Kryzys? Zdecydowanie za słabo. Katastrofa? Nadal zbyt mało dosadnie? Kataklizm? Trzęsienie ziemi połączone z wybuchem wszystkich czynnych wulkanów jednocześnie? Już prędzej. Trudno było pojąć, co dwa lata temu działo się z Borussią Dortmund Juergena Kloppa, która ugrzęzła na dnie tabeli Bundesligi i której w oczy zaczęło zaglądać już nie widmo braku awansu do pucharów, ale nawet spadku z ligi.
***
Tak musieli się dwa lata temu tłumaczyć piłkarze BVB
***
Borussia przegrywa jedenasty mecz w lidze, już czwarty przed własną publicznością – od Bayeru przez HSV i Hannover po Augsburg, pierwszą w starciach z nim porażkę. To nie koniec historii, bo BVB notuje drugi najgorszy start.

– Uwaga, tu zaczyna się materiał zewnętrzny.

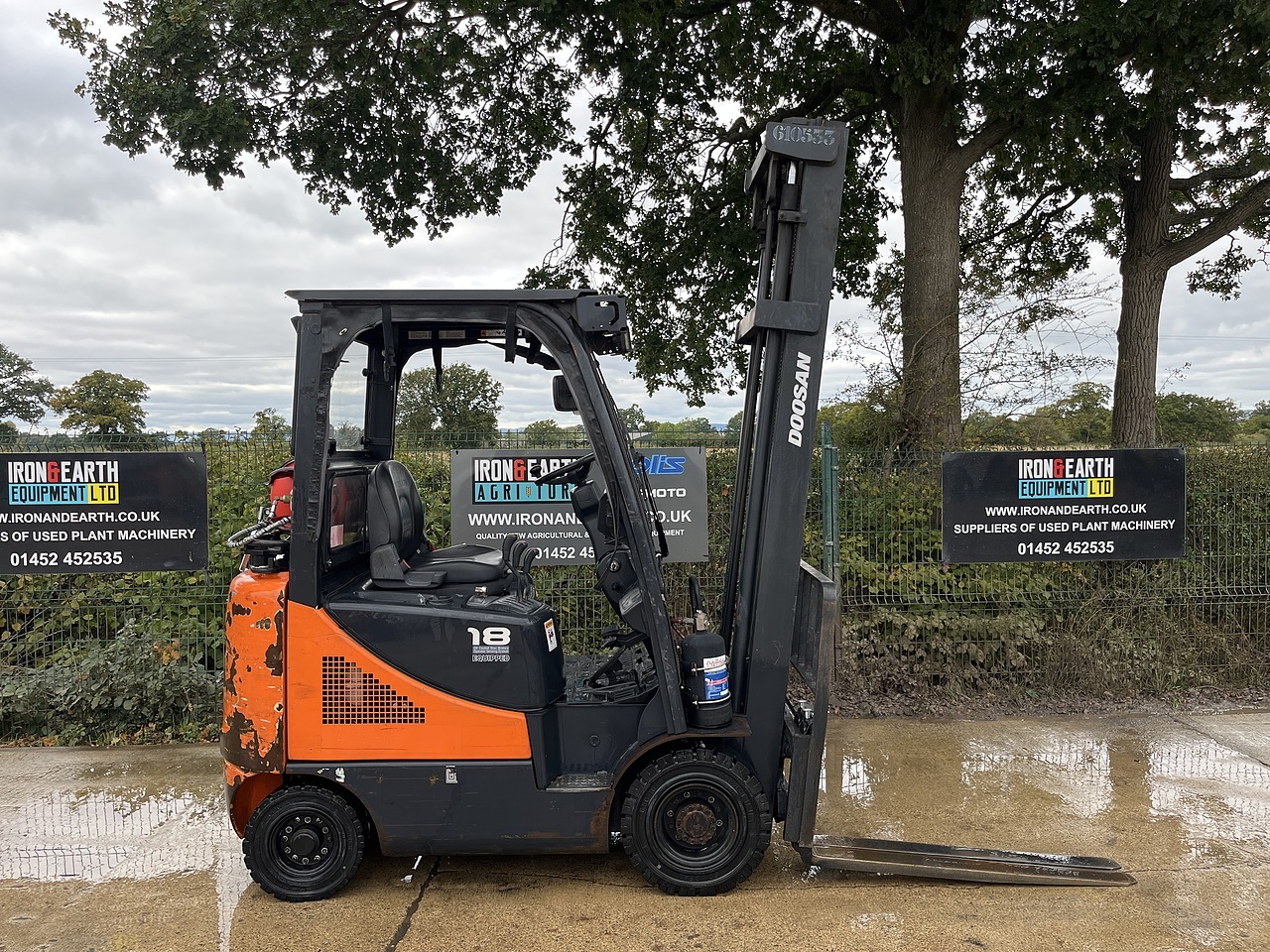 Doosan G18S-5 With 13565 Hours. LPG, Lifts 1.75 Tonne, Max Height 4.5m, Duplex Mast, Side Shift. Supplied With Pallet Forks.

Klopp: – Reakcja kibiców to w tej chwili nasz najmniejszy problem. Wciąż jestem przekonany, że się utrzymamy i wiem, że to nie przyjdzie łatwo. Rezygnacja? To mogę wykluczyć.

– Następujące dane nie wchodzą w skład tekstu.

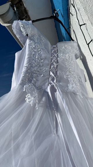 Elegante vestido de novia con detalles de encaje. - Diseño con hombros descubiertos. - Falda voluminosa con varias capas. - Adornos de encaje en el corpiño y el bajo. -Disponible el Cancan por si quieres la falda mas voluminosa Tiene algún desperfecto por el uso (en la cola esta un poco sucio del roce con el suelo ,pero la tintorería seguro lo quita ) Y en unas de las capas dela falda tiene unos abujeros pequeños , pero no se aprecia cuando se lleva puesto.

Tak pisaliśmy o tym, co działo się w Dortmundzie 24 miesiące temu. Naprawdę trudno było uwierzyć w to, co tydzień po tygodniu staje się udziałem Borussii. Borussii nie dysponującej wtedy przecież dramatycznie słabym składem, jeżeli powiemy, że jednym z trzech najmocniejszych w lidze, pewnie nikt z was nie będzie z tego powodu rozdzierał koszuli i wychodził protestować na ulice.
Apogeum tej całej katastrofy był mecz z Augsburgiem, rozgrywany po tym, jak już po raz drugi BVB znalazło się na ostatnim miejscu w lidze. Gdy wszystkim wydawało się, że odbicie nastąpi natychmiastowo, bo Borussii zwyczajnie ta pozycja nie przystoi, ta zebrała u siebie w zęby od ekipy z Bawarii.
Wtedy też Bild przeprowadził ankietę, której wynik pokazał, jak bardzo osłabła niezachwiana aż do tamtych rozgrywek pozycja Juergena Kloppa. 50% osób, które zagłosowały, opowiedziało się za zwolnieniem „Kloppo”. Który niedługo później, w kwietniu, gdy Borussia zajmowała już bezpieczne miejsce w środku tabeli, sam miał poprosić o zwolnienie z obowiązków.